STOP - LOOK- AND LISTEN: As the FDA sits poised and ready to approve Gardasil the cervical cancer vaccine, for use in older women, there's startling new evidence that it may not be as safe as we are being led to believe.
According to the Judicial Watch report - with data retrieved via the Freedom of Information Act - these additional worrisome statistics were recently uncovered:
- From May 10 to September 7, 2007, of the 1,847 adverse vaccination reactions reported to the FDA via the Vaccine Adverse Event Reporting System (VAERS), some 347 were considered medically "serious".
- The death toll linked to the vaccine given to young women is at 12 - and counting.
- Of the 77 women who received this vaccine while pregnant, 33 experienced side effects ranging from spontaneous miscarriage to fetal abnormalities.
- A range of serious side effects including paralysis, Bells Palsy, Guillain-Barre Syndrome and seizures have been reported.
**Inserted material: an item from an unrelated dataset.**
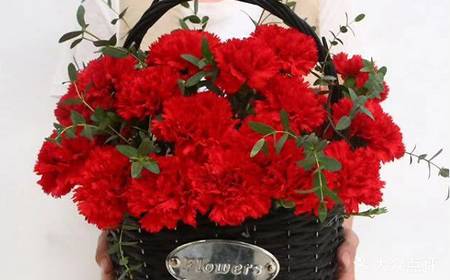 33朵红色康乃馨手提花篮,花材新鲜,包装好看,有卡片,如图 |
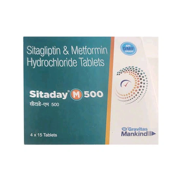 Sitaday M 500 Tablet is used to treat Type 2 diabetes. It contains Sitagliptin and Metformin, which work by increasing the amounts of certain natural substances that lower blood sugar when it is high. Also, it lowers glucose production in the liver, delays glucose absorption from the intestines, and increases the body's sensitivity to insulin. Thus, it controls blood glucose levels from rising to very high after meals. The most common side effect is hypoglycemia (low blood glucose levels), characterised by dizziness, sweating, palpitations, hunger pangs, dry mouth and skin etc. So, to avoid hypoglycemia, you should not miss meals and should also carry some form of sugar with you. Other side effects include taste change, nausea, diarrhoea, stomach pain, headache, and upper respiratory symptoms

This is of tatamount importance not only to women over 40, who may soon be offered the vaccine, but for our daughters and grand daughters, many of whom have already been encouraged by pediatricians and family doctors to have the vaccine. Currently, two states, Texas and Michigan have made it mandatory for girls aged 11 to 12 to have the vaccine, while other state and local governments are considering similar actions.
What does this mean for you? It doesn't mean turning away from a potentially life-saving treatment. It does mean knowing the facts, and making sure your doctor knows the facts, and having a serious conversation with your physician about your specific risks and benefits in regard to this vaccine.
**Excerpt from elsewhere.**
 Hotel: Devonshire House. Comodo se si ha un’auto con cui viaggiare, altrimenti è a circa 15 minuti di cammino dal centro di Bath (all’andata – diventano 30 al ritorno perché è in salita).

Remember, this is not about removing the vaccine from the market - it's about intelligent use of it - and informed use. Every drug has it's side effects and risks. But in order to make an intelligent decision about whether the benefits outweigh the risks, you've got to at least know the risks.
Finding out a treatment has side effects is not shocking. Discovering it took a Freedom Of Information Act inquiry to find out about those risks is shocking.
ACS also estimates that some 3,900 women will die from cervical cancer in the US during 2008. While once a common cause of cancer death for American women, death rates have declined steadily over the past several decades, due largely in part to better screening that finds this cancer at an early and very treatable stage.